The transaction is essentially a set of action objects. Each action is allowed to run some checks to determine whether it can be executed successfully. If that’s not the case, the failed checks will signal the parent transaction that the whole operation needs to be aborted and rolled back to leave things in the state they were before running that conda command. It is also responsible for some of the messages you will see in the CLI output, like the reports of what will be installed, updated or removed.

Transactions and parallelism

Since the transaction object knows about all the actions that need to happen, it also enables parallelism for verifying, downloading and (un)linking tasks. The level of parallelism can be changed through the following context settings:

  • default_threads

  • verify_threads

  • execute_threads

There’s only one class of transaction in conda: LinkUnlinkTransaction. It only accepts one input parameter: a list of PrefixSetup objects, which are just namedtuple objects with the followiing fields. These are populated by Solver.solve_for_transaction after running Solver.solve_for_diff:

  • target_prefix: the environment path the command is running on.

  • unlink_precs: PackageRecord objects that need to be unlinked (removed).

  • link_precs: PackageRecord objects that need to be linked (added).

  • remove_specs: MatchSpec objects that need to be marked as removed in the history (the user asked for these packages to be uninstalled).

  • update_specs: MatchSpec objects that need to be marked as added in the history (the user asked for these packages to be installed or updated).

  • neutered_specs: MatchSpec objects that were already in history but had to be relaxed in order to avoid solving conflicts.

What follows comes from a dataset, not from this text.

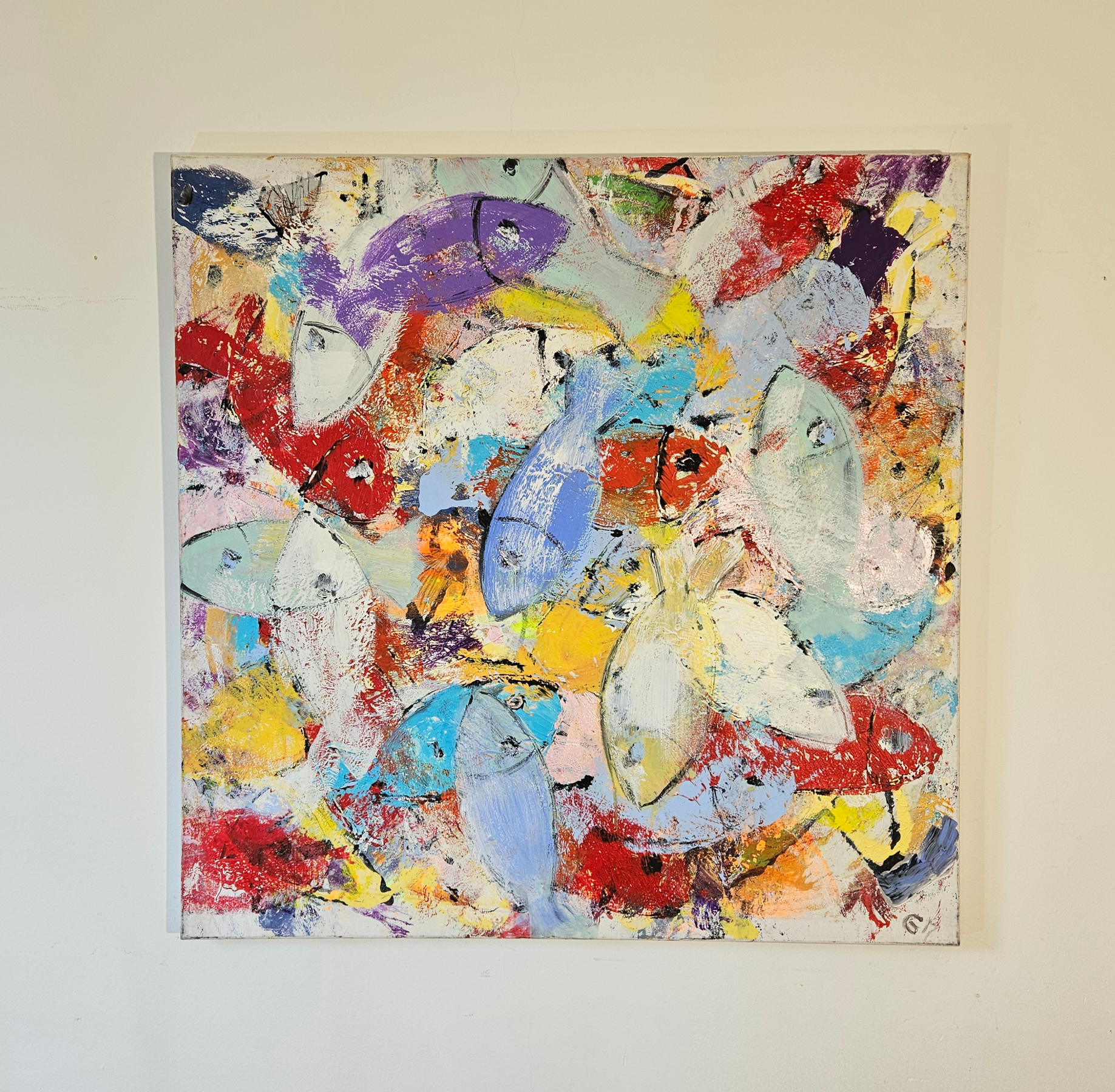 A beautiful contemporary figurative artwork, painting by the French artist Guillaume Marchat, depicting multicolored fish. The fish appear to be swimming across the canvas. The painting is very bright and luminous.

Whatever happens after instantiation depends on the content of these PrefixSetup objects. Sometimes, the transaction results in no actions (see the nothing_to_do property) because the request asked by the user is already fulfilled by the current state of the environment.

However, most of the time the transaction will involve a number of actions. This is done via two public methods:

  • download_and_extract(): essentially a forwarder to instantiate and call ProgressiveFetchExtract, responsible for deciding which PackageRecords need to be downloaded and extracted to the packages cache.

  • execute(): the core logic is layed out here. It involves preparing, verifying and performing the rest of the actions. Among others:

    • Unlinking packages (removing a package from the environment)

    • Linking (adding a package to the environment)

    • Compiling bytecode (generating the pyc counterpart for each py module)

    • Adding entry points (generate command line executables for the configured functions)

    • Adding the JSON records (for each package, a JSON file is added to conda-meta/)

    • Make menu items (create shortcuts for packages featuring a JSON file under Menu/)

    • Remove menu items (remove the shortcuts created by that package)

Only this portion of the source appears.